## What to produce
Copy, pictures aside: the lines below from the one that holds "Women's Striped Slim-fit" through the final line of the listing, both ends included, exactly as they are and nothing else.
============
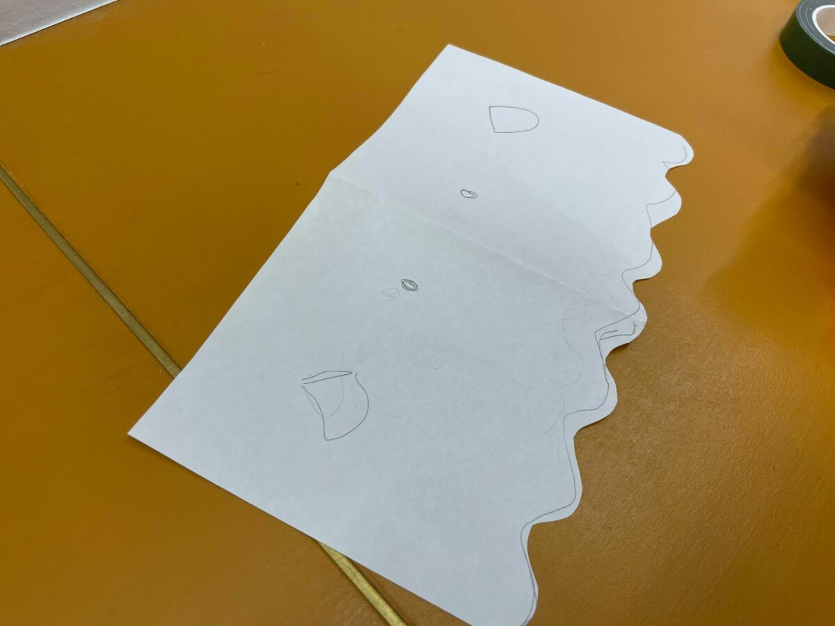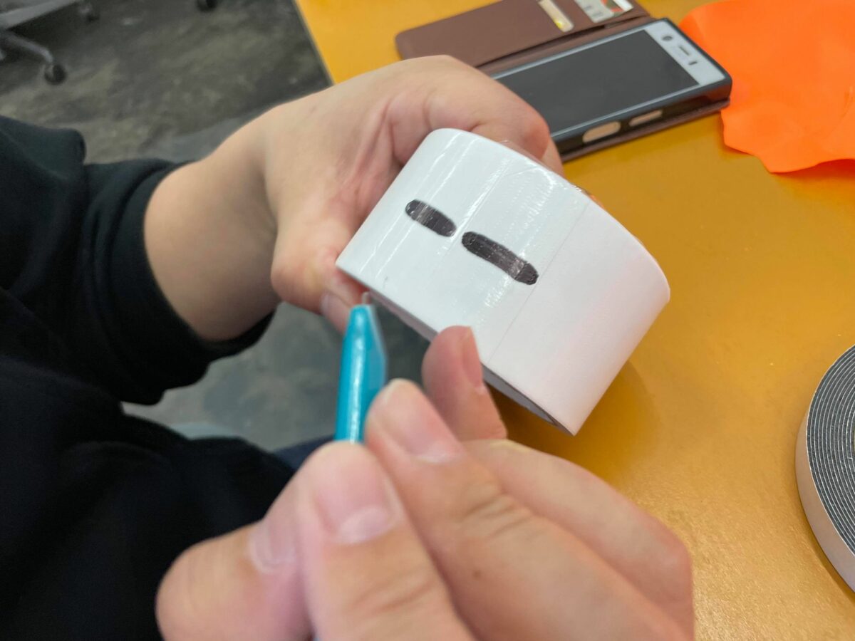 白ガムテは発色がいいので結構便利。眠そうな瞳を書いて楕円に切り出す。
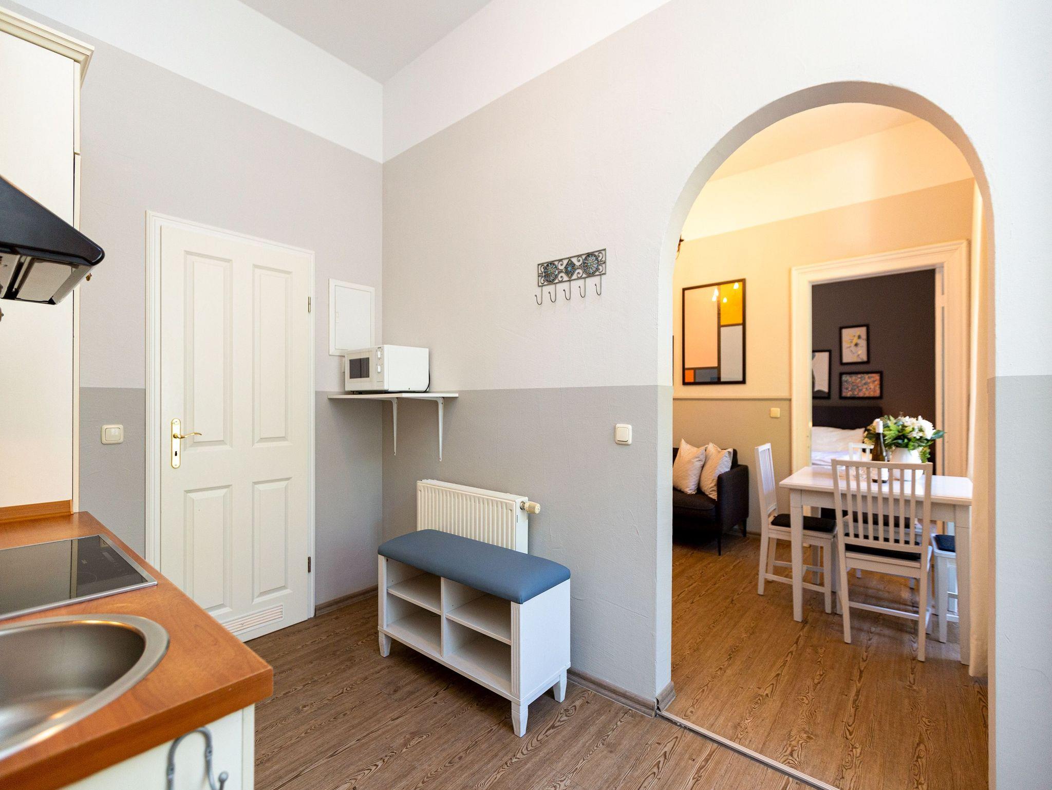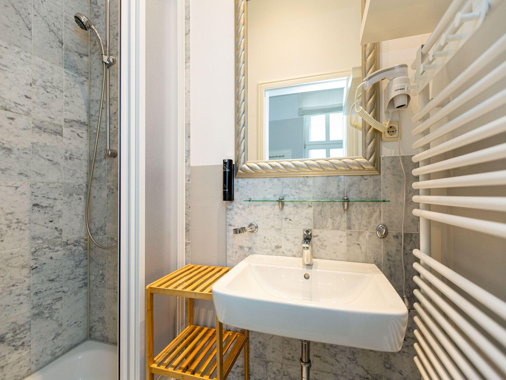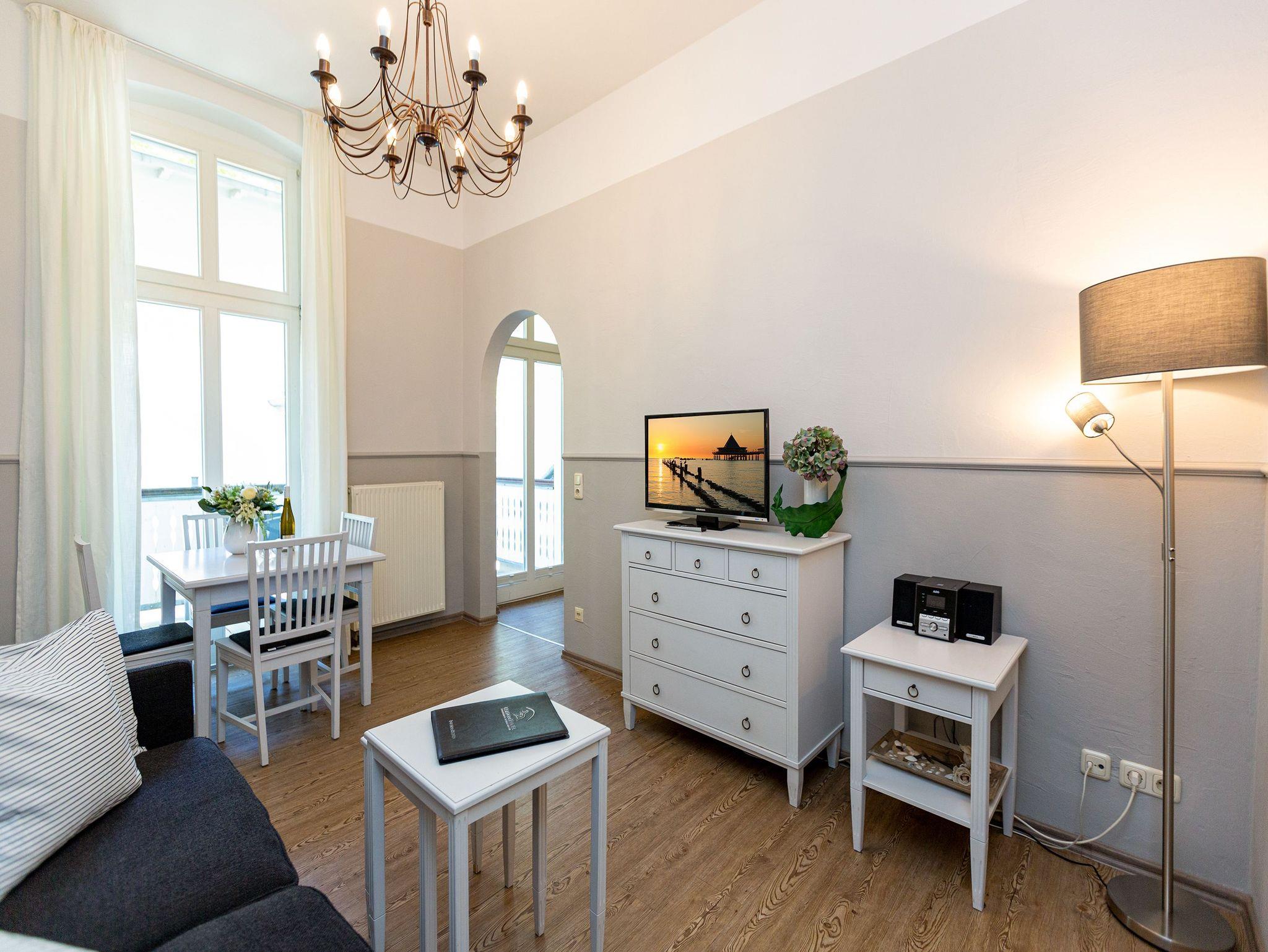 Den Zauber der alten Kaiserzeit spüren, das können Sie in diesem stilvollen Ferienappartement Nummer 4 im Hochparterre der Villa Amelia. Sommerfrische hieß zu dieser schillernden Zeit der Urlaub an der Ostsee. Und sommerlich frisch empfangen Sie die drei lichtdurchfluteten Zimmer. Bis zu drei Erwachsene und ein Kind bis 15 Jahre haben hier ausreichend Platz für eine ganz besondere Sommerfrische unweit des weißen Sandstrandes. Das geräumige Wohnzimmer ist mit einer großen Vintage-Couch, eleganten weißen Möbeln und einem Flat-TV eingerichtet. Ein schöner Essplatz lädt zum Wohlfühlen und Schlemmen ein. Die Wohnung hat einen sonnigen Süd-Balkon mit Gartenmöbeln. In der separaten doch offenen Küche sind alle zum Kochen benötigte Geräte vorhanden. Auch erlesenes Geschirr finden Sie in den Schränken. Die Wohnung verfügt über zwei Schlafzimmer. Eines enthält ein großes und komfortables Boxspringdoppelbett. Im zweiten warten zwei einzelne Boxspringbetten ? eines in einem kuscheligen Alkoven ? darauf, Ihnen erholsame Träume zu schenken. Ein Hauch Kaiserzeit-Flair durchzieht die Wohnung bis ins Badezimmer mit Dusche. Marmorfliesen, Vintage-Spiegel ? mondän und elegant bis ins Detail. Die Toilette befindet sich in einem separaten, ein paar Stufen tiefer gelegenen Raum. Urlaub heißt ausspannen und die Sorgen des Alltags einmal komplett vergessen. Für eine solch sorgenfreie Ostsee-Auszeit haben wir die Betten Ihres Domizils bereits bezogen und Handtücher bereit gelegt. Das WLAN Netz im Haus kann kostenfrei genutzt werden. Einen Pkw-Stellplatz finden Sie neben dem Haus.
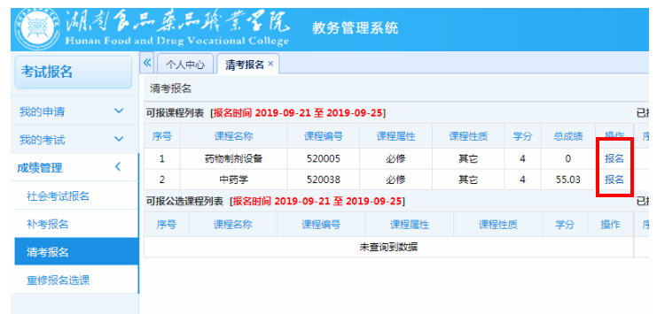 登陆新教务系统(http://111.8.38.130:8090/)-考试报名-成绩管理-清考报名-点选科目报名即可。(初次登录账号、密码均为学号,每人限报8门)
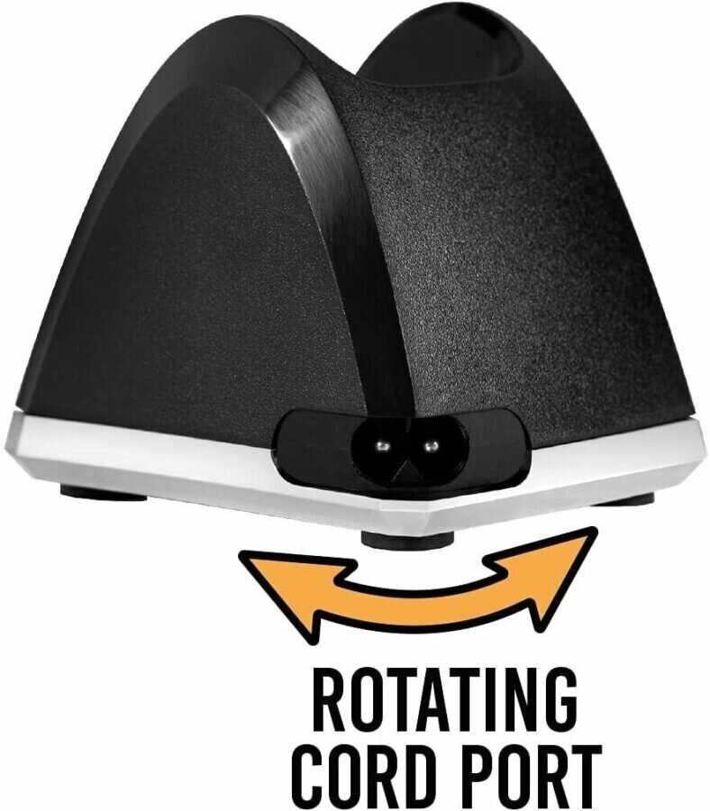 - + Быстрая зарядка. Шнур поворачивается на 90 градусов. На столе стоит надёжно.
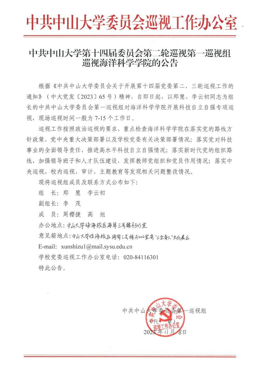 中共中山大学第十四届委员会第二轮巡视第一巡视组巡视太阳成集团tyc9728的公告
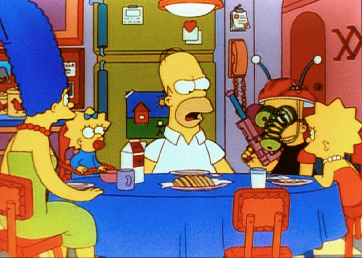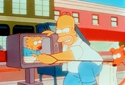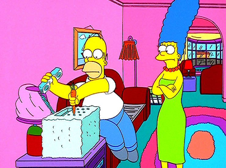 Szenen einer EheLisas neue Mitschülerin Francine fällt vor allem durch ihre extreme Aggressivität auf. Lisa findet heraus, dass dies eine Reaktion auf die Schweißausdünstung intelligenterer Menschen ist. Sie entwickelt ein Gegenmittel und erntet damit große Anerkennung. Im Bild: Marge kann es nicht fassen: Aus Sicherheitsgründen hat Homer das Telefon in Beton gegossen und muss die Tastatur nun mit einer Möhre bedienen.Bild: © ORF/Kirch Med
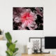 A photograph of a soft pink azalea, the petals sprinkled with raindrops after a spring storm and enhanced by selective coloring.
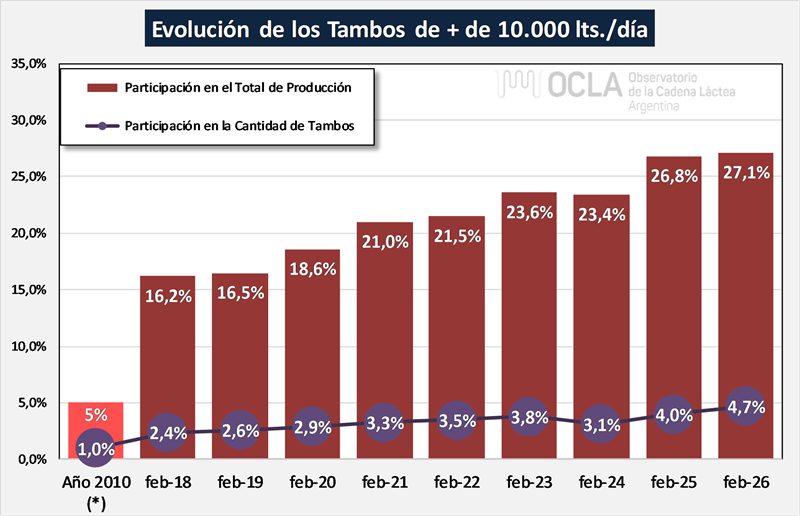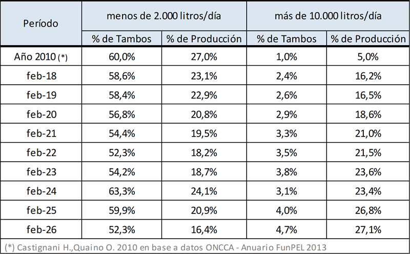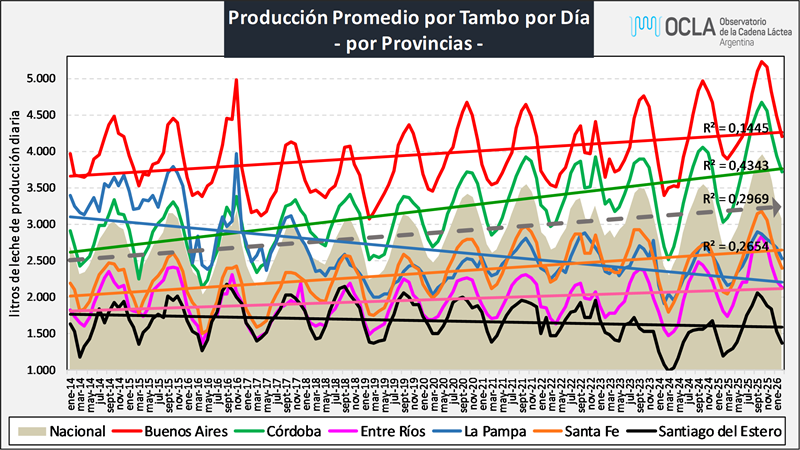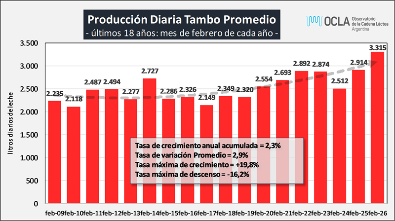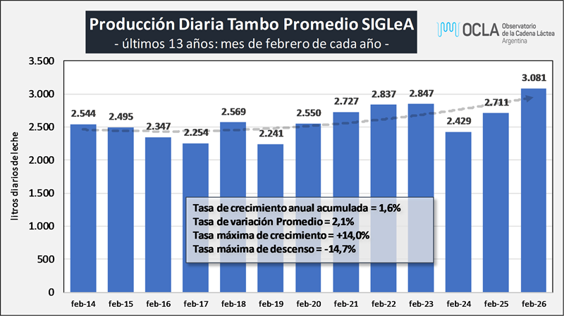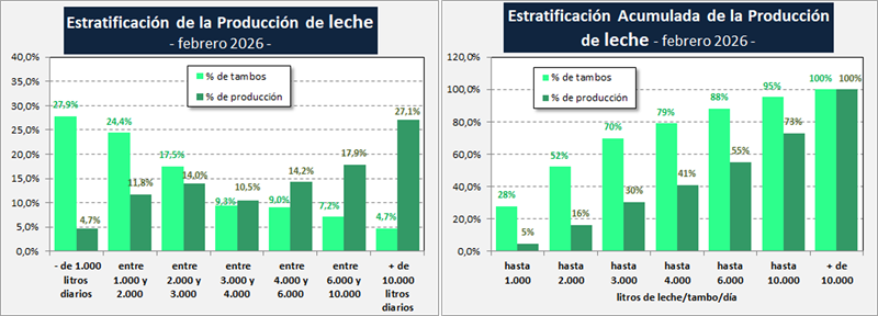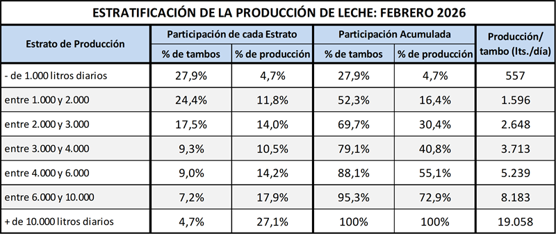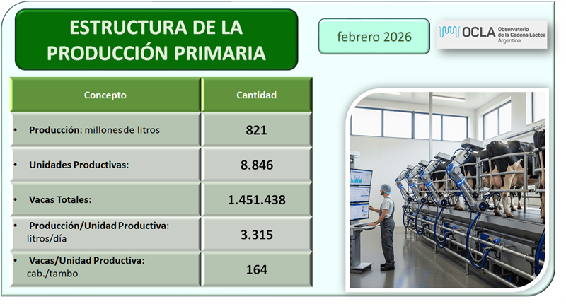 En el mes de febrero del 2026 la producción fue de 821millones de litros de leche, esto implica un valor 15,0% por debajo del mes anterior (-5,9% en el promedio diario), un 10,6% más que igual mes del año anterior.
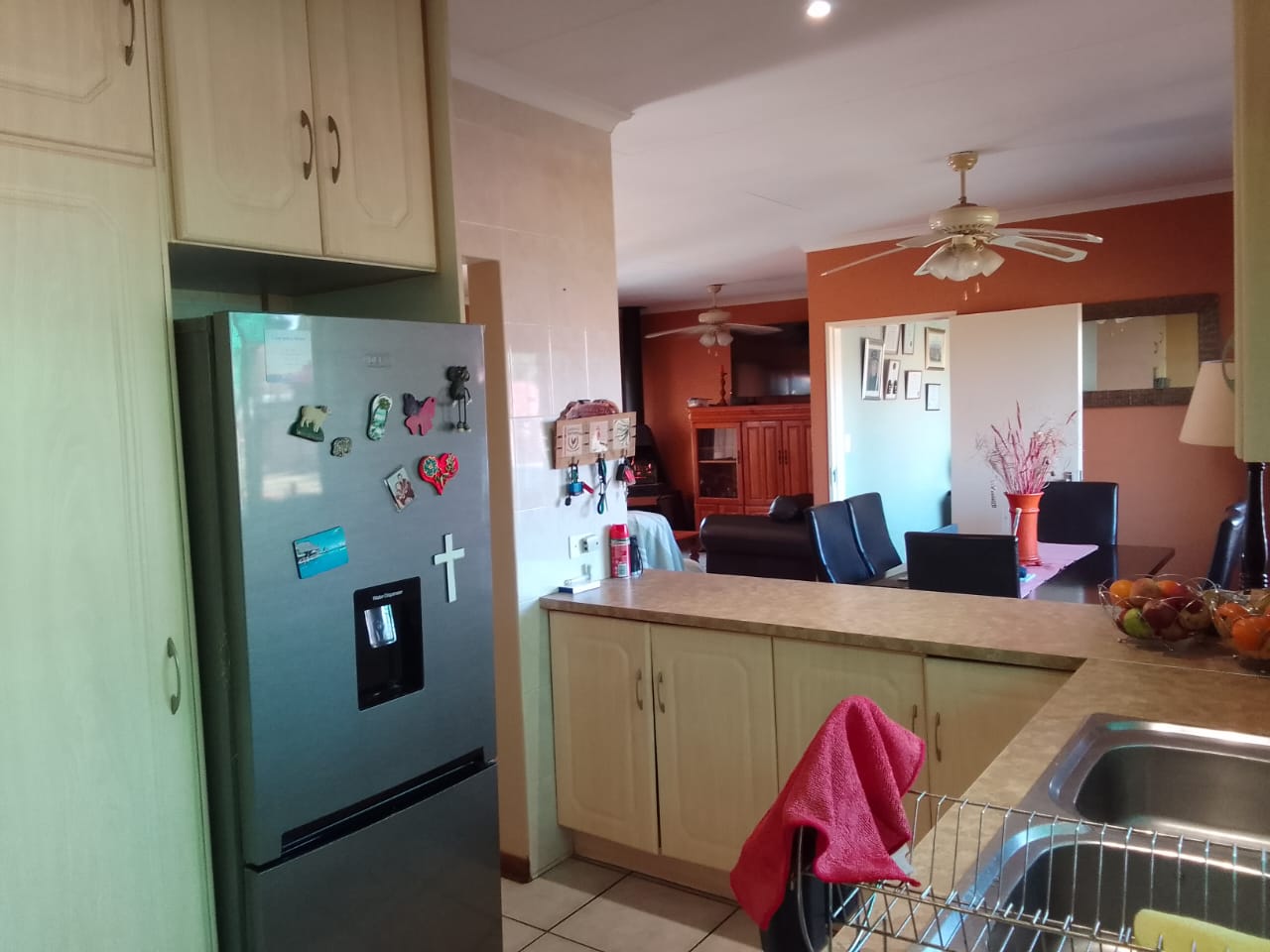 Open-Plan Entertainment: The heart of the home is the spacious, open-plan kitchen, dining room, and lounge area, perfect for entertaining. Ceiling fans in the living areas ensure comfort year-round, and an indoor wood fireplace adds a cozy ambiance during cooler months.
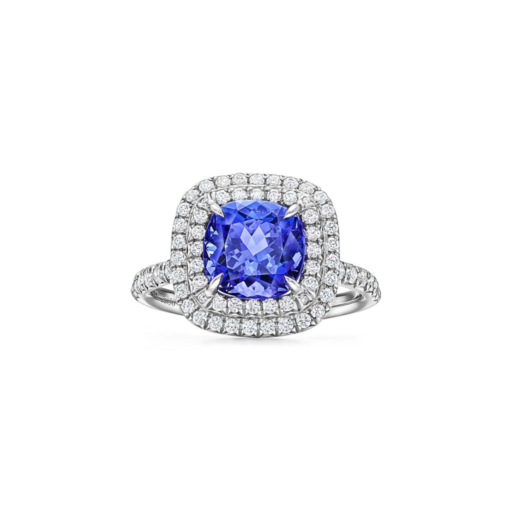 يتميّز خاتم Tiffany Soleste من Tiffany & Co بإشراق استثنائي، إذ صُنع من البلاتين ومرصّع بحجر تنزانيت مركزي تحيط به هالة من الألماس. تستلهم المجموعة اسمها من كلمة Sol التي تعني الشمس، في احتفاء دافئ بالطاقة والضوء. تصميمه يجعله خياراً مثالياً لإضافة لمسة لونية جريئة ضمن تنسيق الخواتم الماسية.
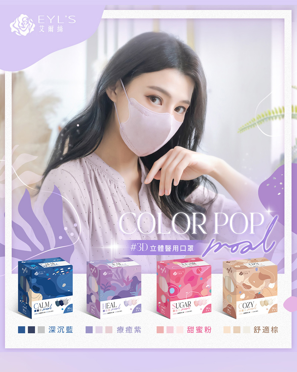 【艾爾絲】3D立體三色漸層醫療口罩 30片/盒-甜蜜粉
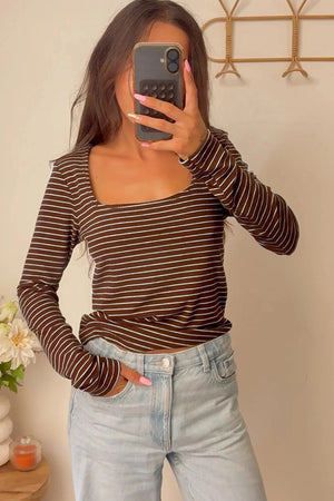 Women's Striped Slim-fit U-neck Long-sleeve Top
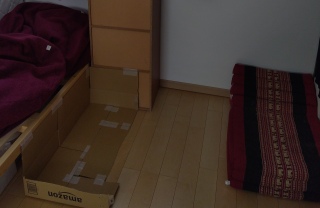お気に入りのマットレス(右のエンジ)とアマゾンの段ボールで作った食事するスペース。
============
## Written solution
 Women's Striped Slim-fit U-neck Long-sleeve Top
お気に入りのマットレス(右のエンジ)とアマゾンの段ボールで作った食事するスペース。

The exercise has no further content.